Having never played Yahtzee before, I quickly discovered that the standard rules didn't match the rules in the kata page. However, you'll find them under "scoring variations". Reading wikipedia sorted out some of my doubts (is "13333" a double pair? No), so I was ready to actually write some code.
Before you get any further
This is where I should ask you to try it on your own. You probably won't, but if you do, remember: you want your code to run the very first time. You can write a set of test cases, but if one fails, the game is over (unless the test case is wrong).
Just to add a little juice: the modern twist on the opening scene is that shortly after the heroes manage to defuse the bomb, the countdown is restarted. So, here is your second little bomb coming: if it actually works the first time, change the rules from the "kata version" to the traditional Yahtzee rules, quickly :-), and run a new set of test cases. We're counting on you.
Picking my tools
My alma mater was completely sold on formal methods, and I used to like them too. In practice, over a number of years now, I had very few chances (and then reasons) to apply formal methods in the real world. Therefore, I won't suggest that you develop a formal proof of correctness for your code before you run it.
The problem with a formal proof is that (in many cases) the proof is at least as complex as the code, sometimes more. I won't trust my only chance on a proof that is potentially more obscure than my code. After all, Donald Knuth notoriously said "Beware of bugs in the above code; I have only proved it correct, not tried it". Sure, I may try to check my proof :-) with the help a theorem prover, but that would be cheating: in a sense, the prover would be testing my proof.

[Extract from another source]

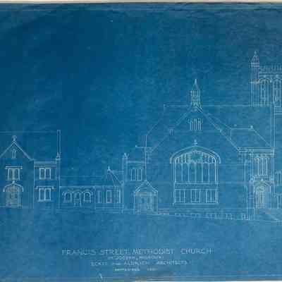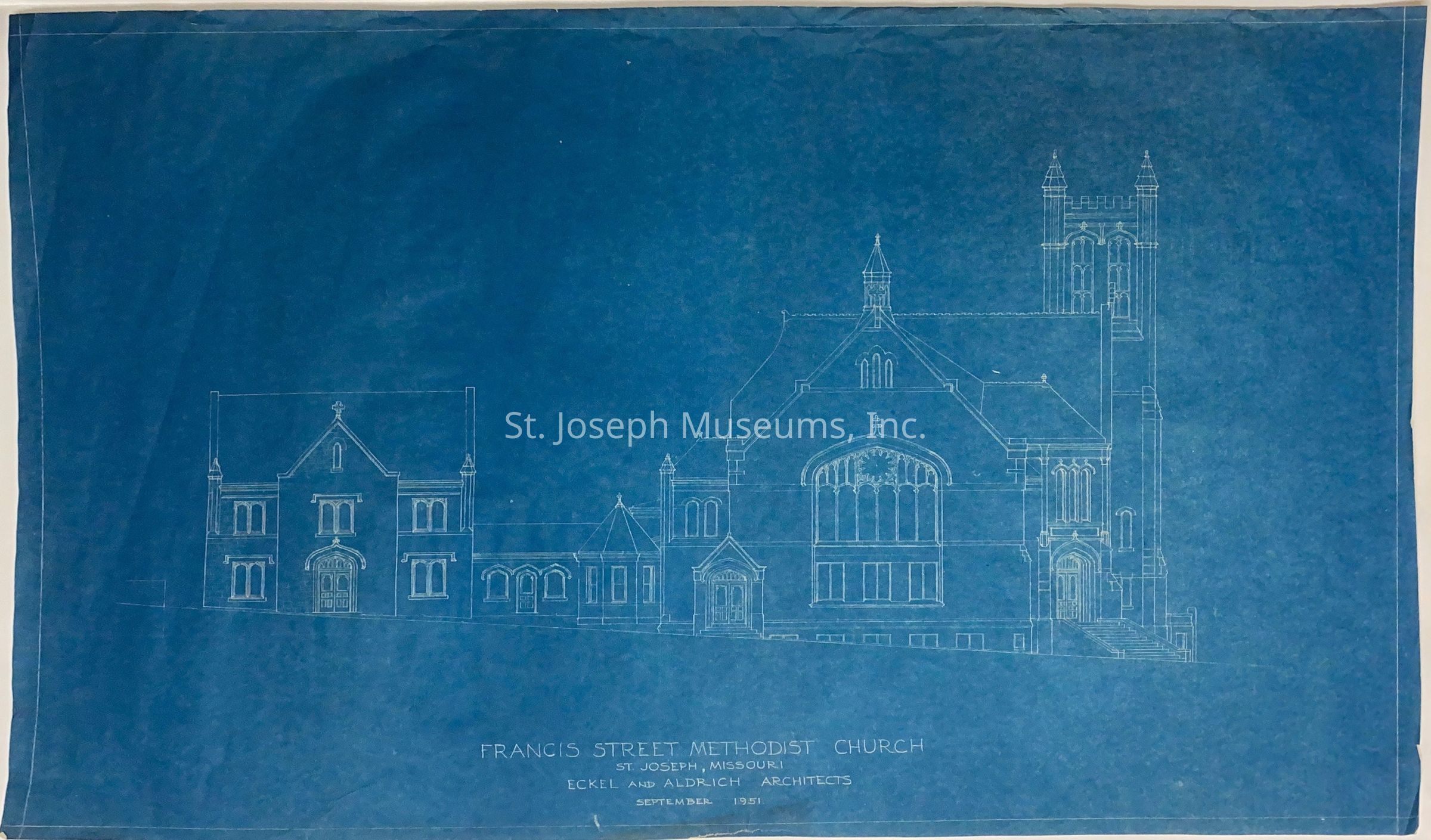 Francis Street Methodist Church, 110 N. 12th, Rendering, 1951. S.W. corner 12th & Francis, St. Joseph, Missouri. Exterior Drawing, blue paper. North entrance elevation. .

Another well-known technique to develop mission-critical code is the use of inspections and reviews. But then again, this is sort of cheating, because I would be using people to test my code (in their heads). That's a no-no.

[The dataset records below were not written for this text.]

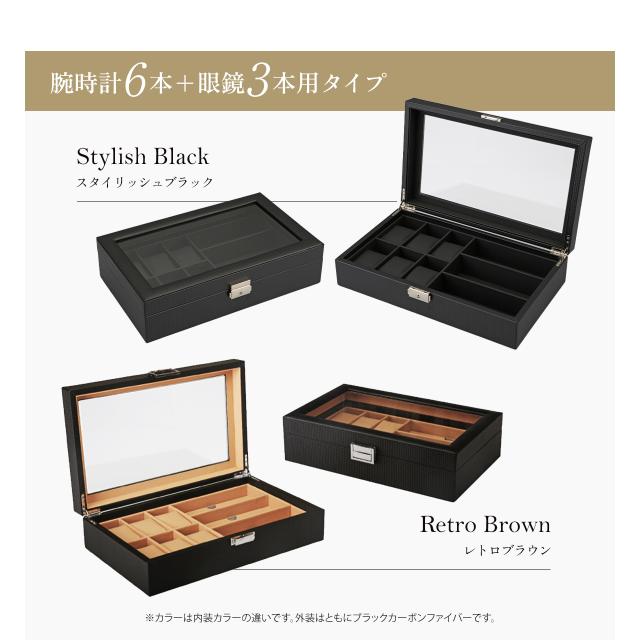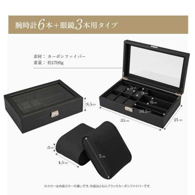 腕時計ケース 12本用 眼鏡 サングラス収納ボックス 腕時計6本 サングラス3本 時計ケース 腕時計ケース 時計 腕時計 収納 保管 ボックス コレクション ケース ウォッチケース ディスプレイ インテリア プレゼント ギフト カーボンファイバー 90日保証 GEUM
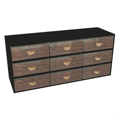 Bento Lunch Box Server, 17-1/10" x 5-1/2" x 7-7/10"H, 3-tier, (9) Lunch Bento lunch box drawers with handles & covers, re-fill from back, stackable up-to two Lunch Bento servers, glass, crackled pattern, tobacco brown, My Glass Studio
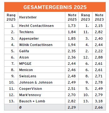 Der Brancheninformationsdienst „markt intern“ führte im November 2025 eine Bewertung der Kontaktlinsenlieferanten durch.
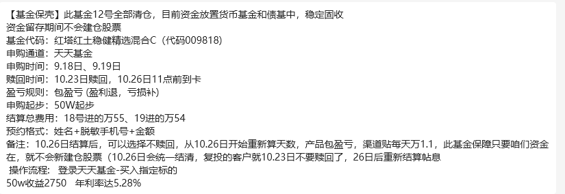 保壳的信息也非常简单,投资者只需要在2023年9月18日或9月19日两天内,拿出50万元从天天基金网申购红塔红土稳健精选混合C,在10月23日赎回,持有收益就能达到了2750元,年化收益达到了5.28%。而细算下来,投资者持有期仅36天左右。
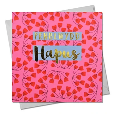 DIMENSIONS: 150x150mm CAPTION: Penblwydd Hapus ENGLISH TRANSLATION: Happy Birthday EMBELLISHMENT: Foil detail with Shiny Gold BLANK INSIDE: Space inside for your own message MADE IN THE UK: Designed, printed and finished in the UK HIGH-QUALITY: Printed on top quality heavy 350gsm card stock, with envelope included SUSTAINABLE: Comes wrapped in Compostable bag or with a card catch label. Both the greetings card & envelope are sustainably sourced and recyclable STANDARD LETTER SIZE: Can be sent with Royal Mail standard letter stamps
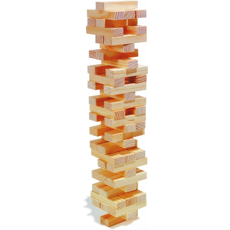 Bois naturel. Il s´agit d´ôter les bâtonnets de la tour et de les replacer en haut sans que la tour ne s´écroule. Entraîne la patience et la motricité.
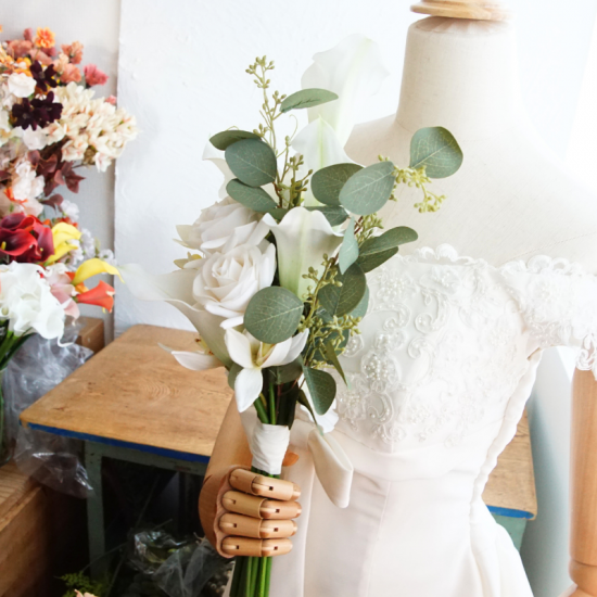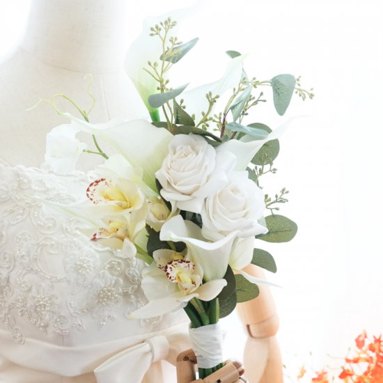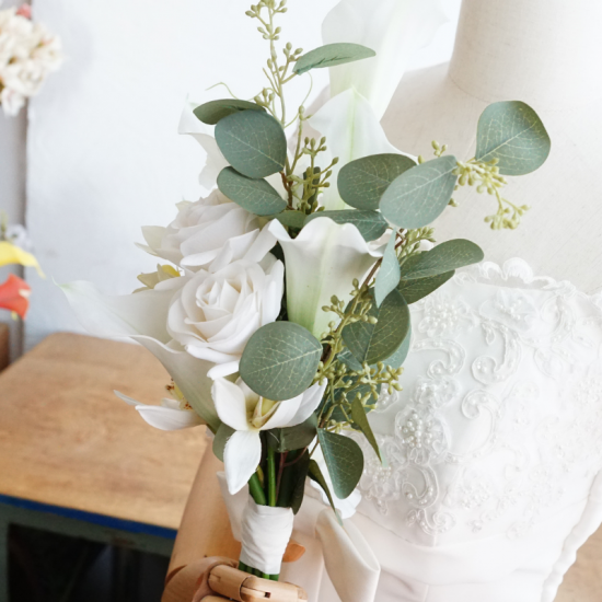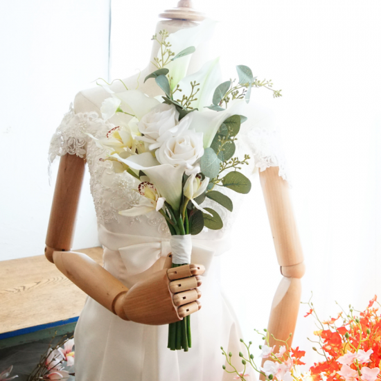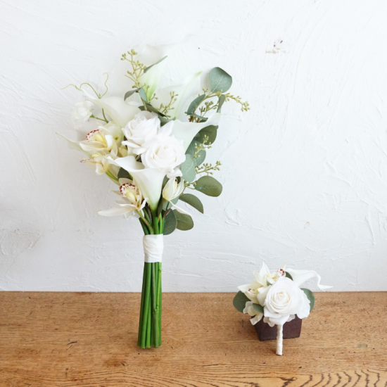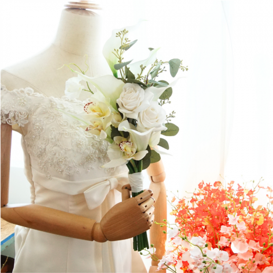 ・ブーケとブートニアをご着用いただき、挙式・前撮り・撮影などにご自由にお使いください。

So, having ruled out old-school stuff like Cleanroom Software Engineering, and having removed TDD from the table at very beginning, let's move on.
Is that even possible?
Of course, before we even start trying, it makes sense to ask if there is actually any hope to get a program working the very first time. Well, for simple problems, it's certainly possible. For instance, if you ask me to calculate the area of a circle with (say) 5 digits accuracy given the radius, I may just write something like:
double Area( double radius )
{
return radius * radius * 3.1415926 ;
}
I would probably use a statically checked language (which is a bit like cheating, but not too much :-), just to catch any typo. After that, I would feel rather confident.
Ok, that was easy. Indeed, it would have been even simpler/safer if my language had a PI constant. The language would have been closer to the problem I was trying to solve. Which is exactly what we need: a language where our problem can be explained in a simple, straightforward way. Here, I think, is the key to my approach to writing code that runs the first time (I actually do that in real life, just not every time – more on this later on). I could say it shortly like this: Everything is simple when it has a direct mapping to your language.

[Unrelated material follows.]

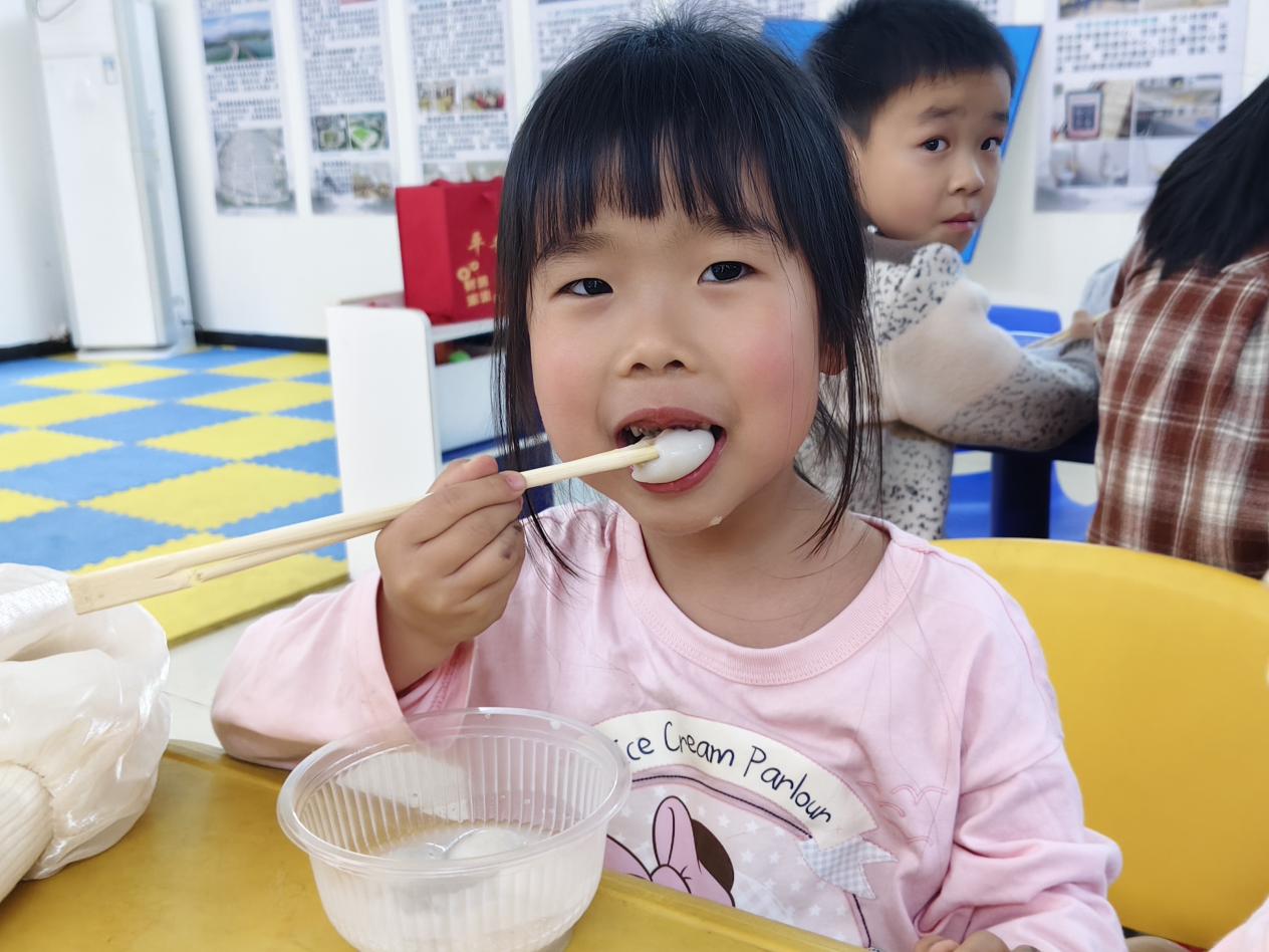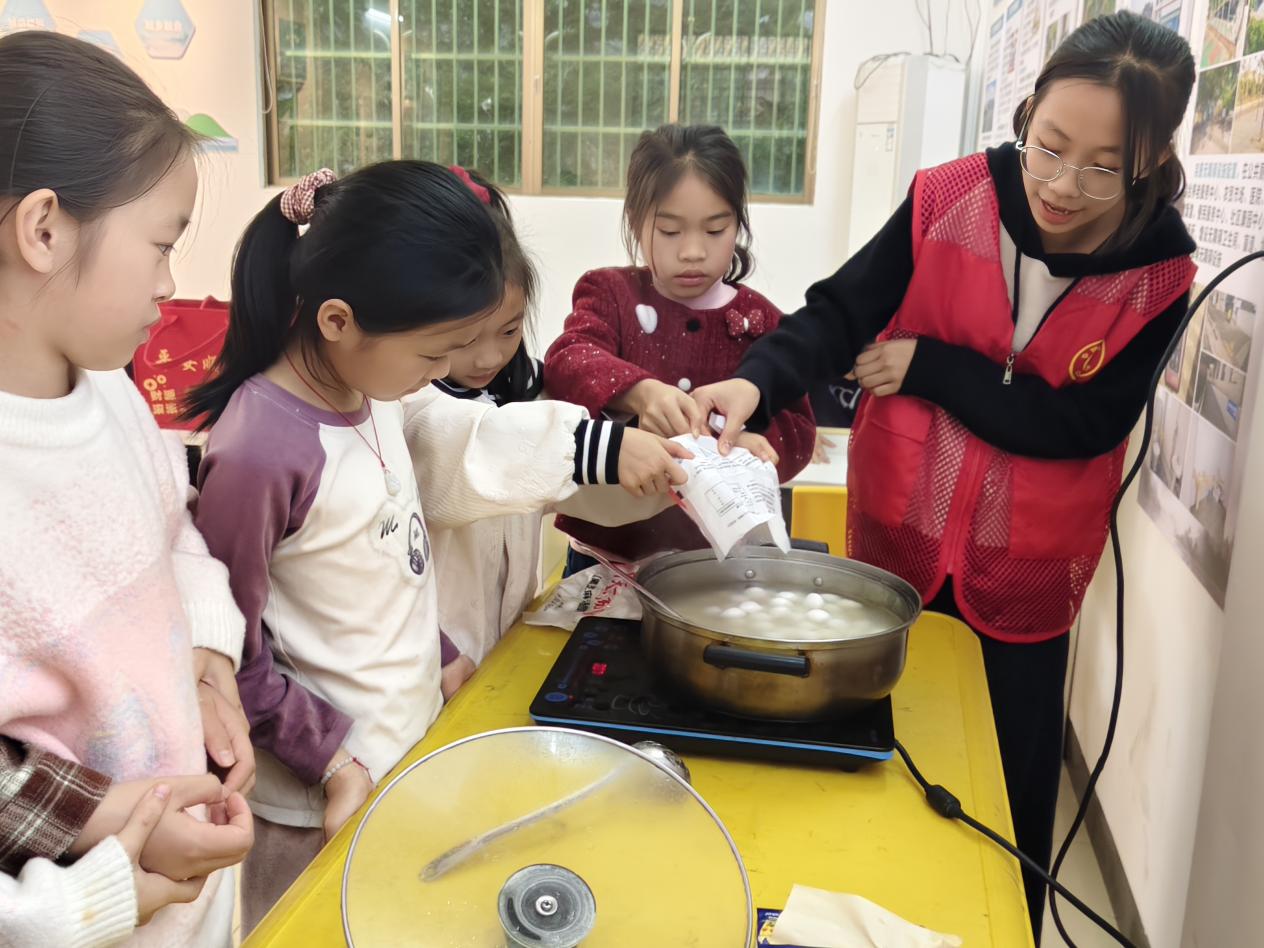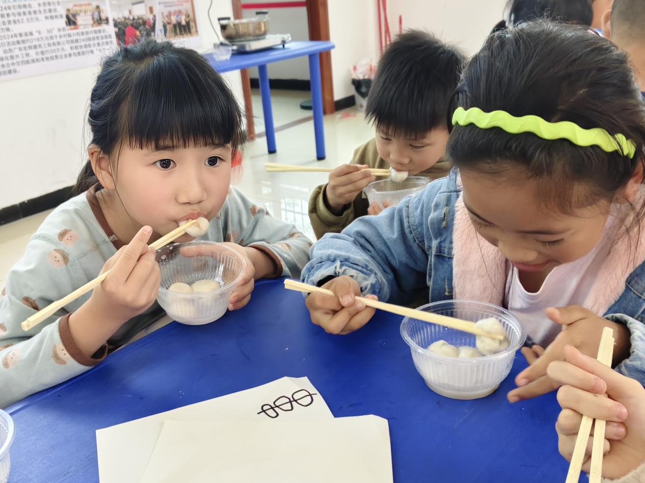 最令人期待的煮汤圆环节到了!孩子们在志愿者指导下,小心翼翼地将汤圆放入锅中,看着它们在沸水中翻滚、浮起,兴奋地欢呼:“汤圆熟啦!”当热气腾腾的汤圆端上桌,孩子们迫不及待地品尝,甜糯的味道在口中化开,幸福的笑容在脸上绽放。

Quoting Ward Cunningham (from "Clean Code" by Bob Martin), "You know you are working on clean code when each routine you read turns out to be pretty much what you expected. You can call it beautiful code when the code also makes it look like the language was made for the problem". I won't trust my only chance on nothing less than beautiful code :-).
Now, we can read this as the frequently preached "look for the best language for the problem at hand", and in a sense it's true, but truth is, once you get past a few obvious cases, you ain't gonna find a language that was made exactly for your problem. The alternative approach, of course, is to create a language that is made exactly for your problem. No, I'm not suggesting that you design a language and write a compiler first: remember, you can only run your code once. That includes your brand-new compiler. Do it if you want, but don't blame me if you manage to annihilate our civilization.
Looking back at the trivial Area function, you can easily see that my language had a useful abstraction (a "double", meaning IEEE 754 floating-point math) together with a few basic operations. Say that I trust those abstractions and the underlying hardware. I also trust my Area function, simple and small as it is. Area, therefore, could be thought of as a language extension, a new trusted abstraction.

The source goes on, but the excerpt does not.